Tuesday’s primary elections were of significant proportions. Seven of the most influential states held their primaries, as candidates battled it out to see who would move forward to the general elections in November. Among these states were California, Iowa, New Mexico, South Dakota, and others, all of which are poised to make a major impact on who will have controlling authority of Congress for the next two years. As Republicans continue to face the detriment and degradation that has come with the first year and a half of the Trump administration, the president’s party is holding their breath in hopes that they are able to maintain control of the legislature. However, at the same time that concerned GOP lawmakers try not to ruffle any feathers, there are some in the party that have continued making outlandish, divisive, and racially-fueled statements, further tearing away at the little credibility the Republican party retains.
Among the most recent examples of GOP controversy was seen in the claims made by a lawmaker from South Dakota, which, as mentioned above, held their primary elections on Tuesday. Republican state Rep. Michael Clark was caught on a Facebook thread, stating that business owners should have the ability to turn away people of color at their discretion.
This lawmaker's name is Michael Clark. He is a freshman state representative for South Dakota's 9th State House District, and he replaced a Democrat who retired in 2016. This race is winnable.
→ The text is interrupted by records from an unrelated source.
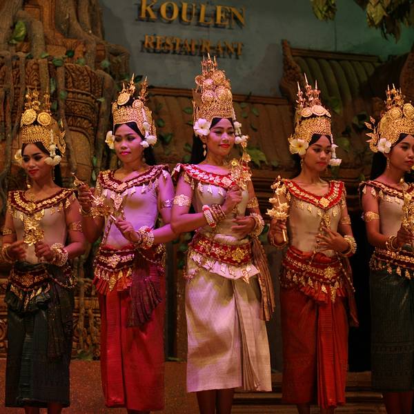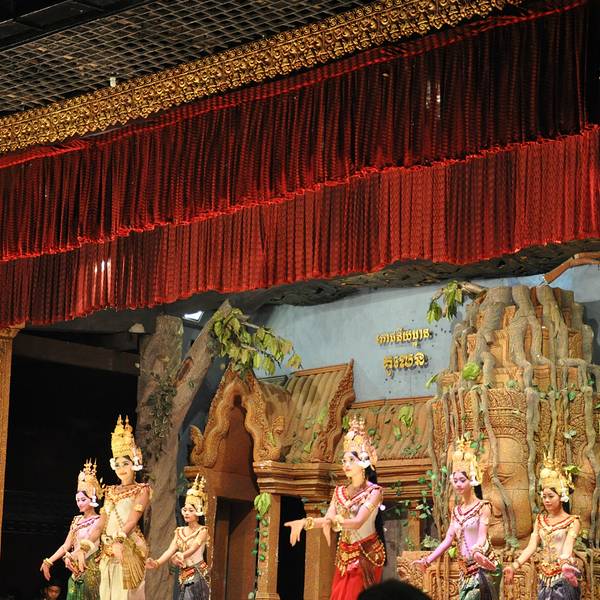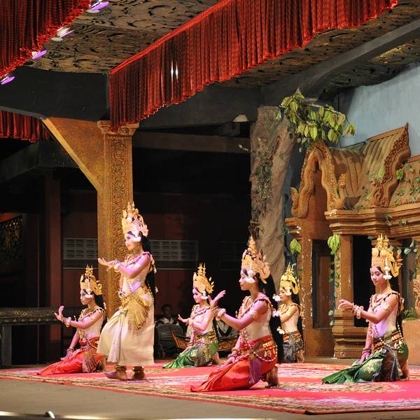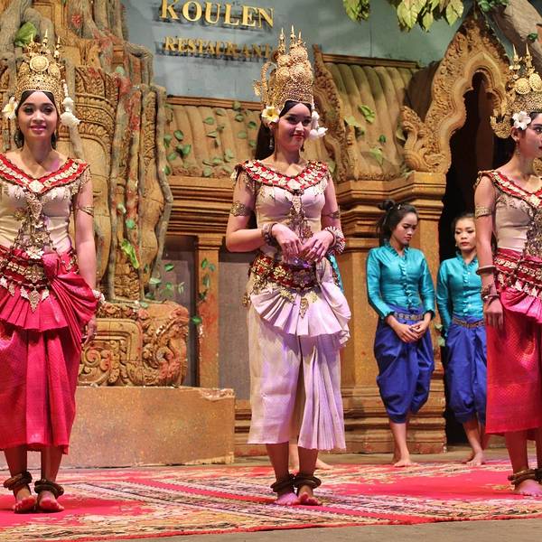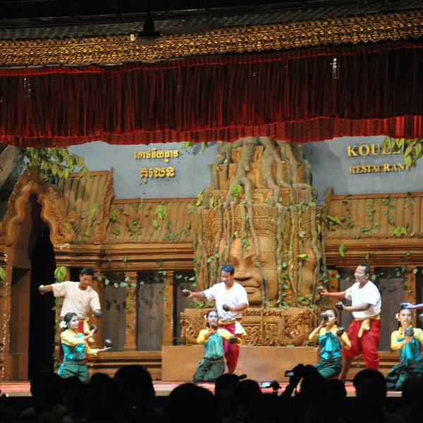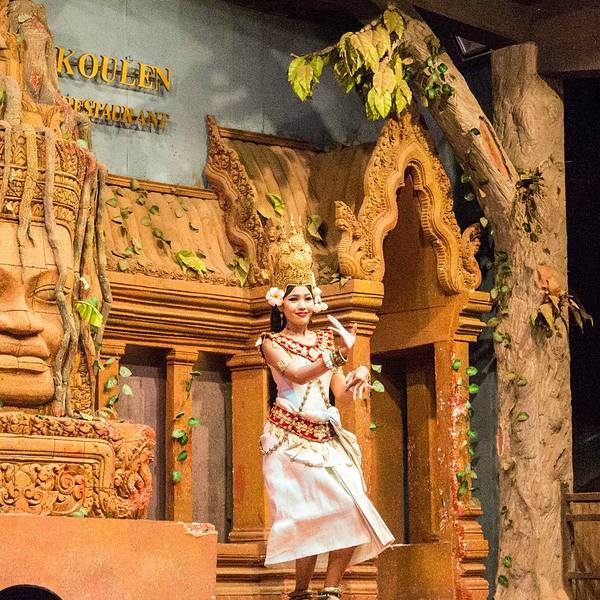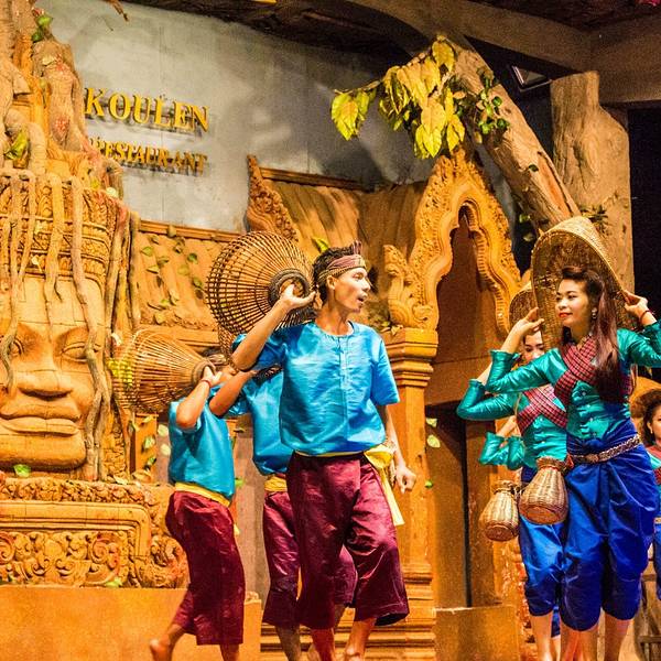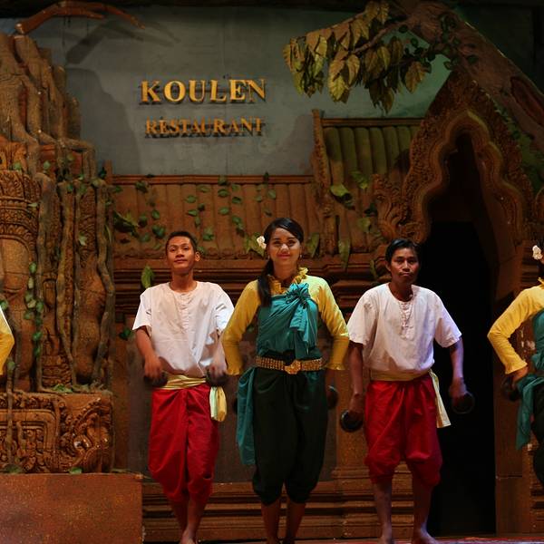 - ...舞蹈表演、以及柬埔寨民俗表演,有很多人到此用餐观看演出,因此必须提前订座才能得到比较靠前的位置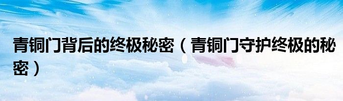 关于青铜门背后的终极秘密,青铜门守护终极的秘密这个很多人还不知道,今天菲菲来为大家解答以上的问题,现在让我们一起来看看吧!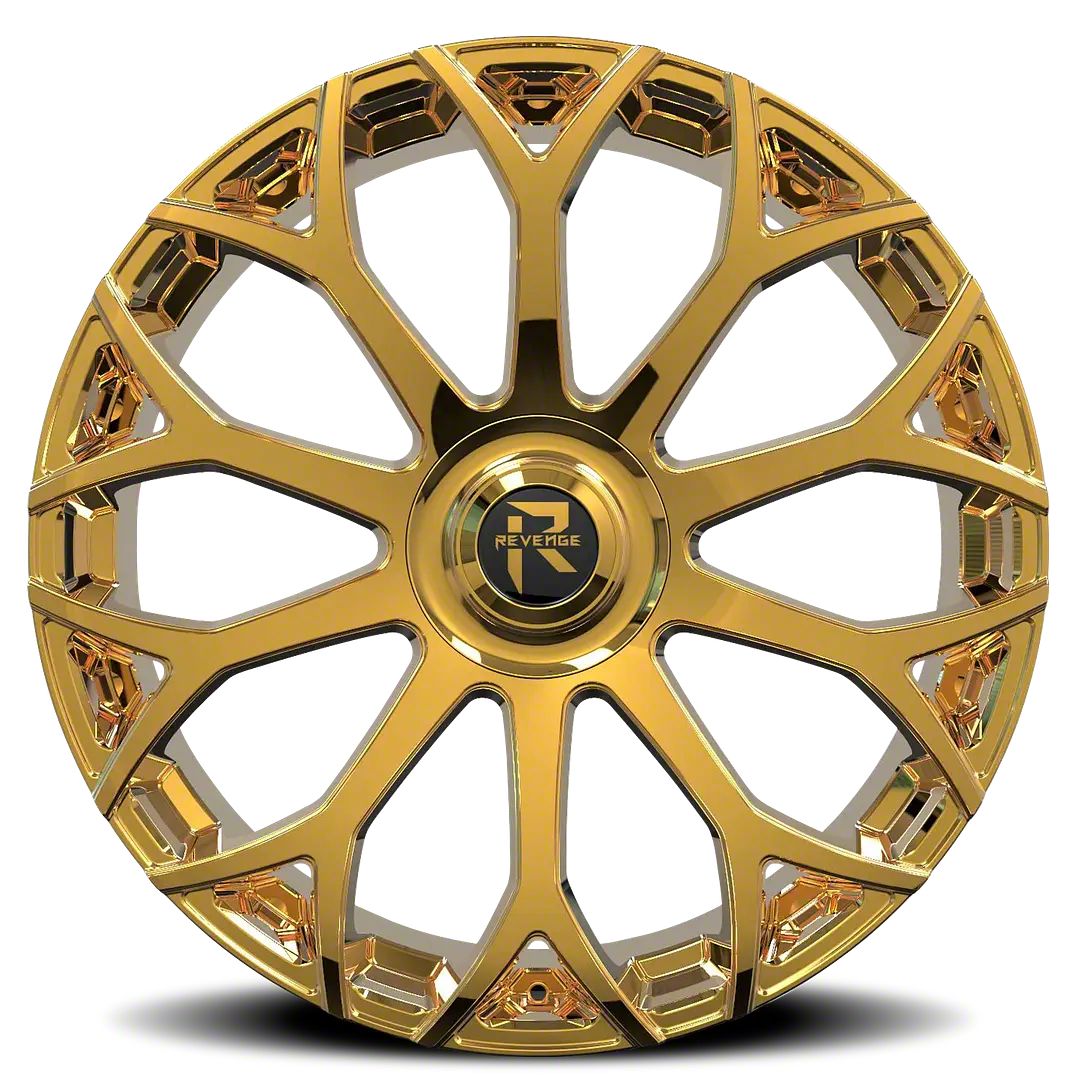This 22x9 Revenge Luxury Wheels RL-105 Gold Wheel; 22x9; 20mm Offset is completed in a high-quality gold finish to make your wheel the envy of everyone. For added looks and durability, the wheels has a durable clear coat that withstand the rigors of daily driving.

South Dakotans, show this racist asshole the door. https://t.co/pIOr1As69F
— Matthew Chapman (@fawfulfan) June 5, 2018
According to an article by the Argus Leader:
‘A South Dakota lawmaker on Monday said businesses should be able to turn away customers based on race. In a Facebook comment, state Rep. Michael Clark, a Hartford Republican, said business owners should have the final say in who they serve.
Clark later pulled the Facebook comment. And an hour after the Argus Leader published a story about the comment, he issued an email apology to a reporter.’
"If he wants to turn away people of color, then that('s) his choice," South Dakota state Rep. Michael Clark said. https://t.co/h7Wq5Lr4Ra
— Des Moines Register (@DMRegister) June 5, 2018
Regardless of any apology letter that was sent out in order to do some damage control for the clearly racist comment made by the lawmaker, the Facebook post sparked outrage among Democrats and other opponents. Considering the fact that the ill-advised and poorly timed comment came on the very day the state held their primaries, it is clear how extensively damaging it was not only to Clark’s own reputation, but furthermore his chances at retaining public office.
State Rep. Michael Clark needs to step down immediately or @SDGovDaugaard or should call for his resignation. Discriminatory, racist views shouldn't be tolerated in the South Dakota State Legislature. https://t.co/eAmpSVCfMB
— Andy Howes (@_AndyHowes) June 5, 2018
Clark’s comment on Facebook came shortly after a Supreme Court ruling regarding a baker in Colorado who had refused to bake a wedding cake for a gay couple, citing his religious beliefs as the reason for declining to provide the service. The Supreme Court ruled in favor of the baker, iterating that the conflict in religious beliefs was justifiable for refusing service. Clark, however, took it a step too far.
Come join the Republicans they say. What do you have to lose they say. The GOP’s always telling us about the racist Democrats in the 1800’s yet they forget to mention the racist Republicans in 2018. Case and Point: Michael Clark SD State Rep. @clarkmic https://t.co/upflux1Bps
— Tim Black ™ (@RealTimBlack) June 5, 2018
After posting in support of the decision and the baker, Clark responded to a user’s comment, claiming that the business owner has the right to turn away anybody he wants, even if that means turning away people of color.
As if the GOP did not have enough to worry about with the upcoming elections, a faux pas of this magnitude was the last thing they were hoping for, especially on such a crucial voting day.